The report showed that household debt increased by $87 billion, or 0.6%, in the third quarter of 2020, more than offsetting the decline seen in the previous quarter. That brings U.S. household debt to $14.35 trillion in the third quarter.
“The data likely reflect improvements in economic activity and the labor market, as well as the positive impacts of relief measures provided through CARES Act provisions or offered voluntarily by lenders. Mortgage originations, including refinances, continued on their upward trend as homeowners continue to take advantage of the low-interest-rate environment,” said the Fed Reserve about the increases.
Many American households benefited from the CARES Act, which offered a temporary boost of $600 a week to unemployment compensation as well as one-time payments of $1,200 per adult and $500 per child to Americans.
Mortgage balances shown on consumer credit reports on Sept. 30 were at $9.86 trillion, an $85 billion increase from the second quarter of 2020. Balances on home equity lines of credit saw a $13 billion decline. This is the 15th consecutive decrease of home equity lines of credit since the fourth quarter in 2016, bringing the outstanding balance to $362 billion.
“Mortgage originations, including refinances, continued on their upward trend as homeowners continue to take advantage of the low interest-rate environment,” said Donghoon Lee, research officer at the New York Federal Reserve.
There was an additional $1.05 trillion in newly originated mortgage debt in the third quarter of 2020. The report also showed that on 0.6% of current mortgages, balances became delinquent in the third quarter. The low number of delinquent mortgages shows the continuing trend of very low delinquency transitions due to borrowers enrolling in forbearance programs under the CARES Act.
On the heels of weaker consumer spending during the second quarter, credit card balances declined slightly in the third quarter. Credit card balances decreased by $10 billion after consumer spending fell by $76 billion in the second quarter. This decline is the steepest for card balances seen in the history of the Federal Reserve report, a reflection of the ongoing weakness in consumer spending as well as active paydowns by cardholders.

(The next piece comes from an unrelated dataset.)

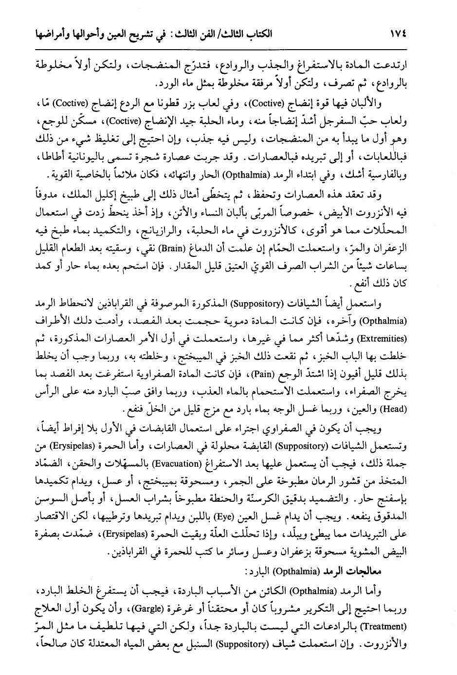 ارتدعت الْمَادَّة بالاستفراغ والجذب والرواح فتمرّج المنضجات ولتكن أَولا مخلوطة بالرواح ثمَّ تصرف ولتكن أَولا مرفقة مخلوطة بِمثل مَاء الْورْد. والألبان فِيهَا قُوَّة انضاج وَفِي لعاب بزر قطونا مَعَ الردع انضاج مّا ولعاب حبّ السفرجل أشدّ إنضاجاً مِنْهُ وَمَاء الحلبة جيد الإنضاج مسكّن للوجع وَهُوَ أول يبْدَأ بِهِ من المنضجات وَلَيْسَ فِيهِ جذب وَإِن احْتِيجَ إِلَى تَغْلِيظ شَيْء من ذَلِك فبالعابات أَو إِلَى تبريده فبالعصارات. وَقد جربت عصارة شَجَرَة تسمى باليونانية أطاطا وبالفارسية أَشك وَفِي ابْتِدَاء الرمد الْحَار وانتهائه فَكَانَ ملائماً بالخاصية القوية. وَقد تعقد هَذِه العصارات وَتحفظ ثمَّ يتخطّى أَمْثَال ذَلِك إِلَى طبيخ إكليل الْملك مدوفاً فِيهِ الأنزروت الْأَبْيَض خُصُوصا المربّى بألبان النِّسَاء والأتن وَإِذ أَخذ ينحطّ زِدْت فِي اسْتِعْمَال المحلّلات مِمَّا هُوَ أقوى كالأنزروت فِي مَاء الحلبة والرازيانج والتكميد بِمَاء طبخ فِيهِ الزَّعْفَرَان والمرّ واستعملت الحمّام إِن علمت أَن الدِّمَاغ نقي وسقيته بعد الطَّعَام الْقَلِيل بساعات شَيْئا من الشَّرَاب انْصَرف القويّ الْعَتِيق قَلِيل الْمِقْدَار. فَإِن استحم بعده بِمَاء حَار أَو كمد كَانَ ذَلِك أَنْفَع. وَاسْتعْمل أَيْضا الشيفات الْمَذْكُورَة الموصوفة فِي القراباذين لانحطاط الرمد وَآخره فَإِن كَانَت الْمَادَّة دموية حجمت بعد الفصد وأدمت دلك الْأَطْرَاف وشدها أَكثر مِمَّا فِي غَيرهَا واستعملت فِي أول الْأَمر العصارات الْمَذْكُورَة ثمَّ خلطت بهَا ألباب الْخبز ثمَّ نقعت ذَلِك الْخبز فِي الميبختج وخلطته بِهِ وَرُبمَا وَجب أَن يخلط بذلك قَلِيل أفيون إِذا اشتدّ الوجع فَإِن كَانَت الْمَادَّة الصفراوي استفرغت بعد الفصد بِمَا يخرج الصَّفْرَاء واستعملت الاستحمام بِالْمَاءِ العذب وَرُبمَا وَافق صبّ الْبَارِد مِنْهُ على الرَّأْس وَالْعين وَرُبمَا غسل الْوَجْه بِمَاء بَارِد مَعَ مزج قَلِيل مَعَ الخلّ فنفع. وَيجب أَن يكون فِي الصفراوي اجتراء على اسْتِعْمَال القابضات فِي الأول بِلَا إفراط أَيْضا وَيسْتَعْمل الشيافات القابضة محلولة فِي العصارات وَأما الْحمرَة من جملَة ذَلِك فَيجب أَن يسْتَعْمل عَلَيْهَا بعد الاستفراغ بالمسهّلات والحقن الضمّاد الْمُتَّخذ من قشور الرُّمَّان مطبوخة على الْجَمْر ومسحوقة بميبختج أَو عسل ويدام تكميدها بإسفنج حَار. والتضميد بدقيق الكرسنّة وَالْحِنْطَة مطبوخاً بشراب الْعَسَل أَو بِأَصْل السوسن المدقوق يَنْفَعهُ. وَيجب أَن يدام غسل الْعين بِاللَّبنِ ويدام تبريدها وترطيبها لَكِن الِاقْتِصَار على التبريدات مِمَّا يبطئ ويبلّد وَإِذا تحلّلت العلّة وَبقيت الْحمرَة ضمدت بصفرة الْبيض المشوية مسحوقة بزعفران وَعسل وَسَائِر مَا كتب للحمرة فِي القراباذين. معالجات الرمد الْبَارِد: وَأما الرمد الْكَائِن من الْأَسْبَاب الْبَارِدَة فَيجب أَن يستفرغ الْخَلْط الْبَارِد وَرُبمَا احْتِيجَ إِلَى التكرير مشروباً كَانَ أَو محتقناً أَو غرغرة وَأَن يكون أول العلاج بالرادعات الَّتِي لَيست بالباردة جدا وَلَكِن الَّتِي فِيهَا تلطيف مَا مثل المر والأنزروت. وَإِن اسْتعْملت شياف السنبل مَعَ بعض الْمِيَاه المعتدلة كَانَ صَالحا

Student loan debt showed an increase in the third quarter. The debt number posted a $9 billion increase to $1.55 trillion in the third quarter. About 6.5% of aggregate student debt was 90 or more days delinquent or in default in the third quarter. This is a lower level of student debt delinquency than normal. The lower delinquency reflects a Department of Education decision to report the current status on loans eligible for CARES Act forbearances.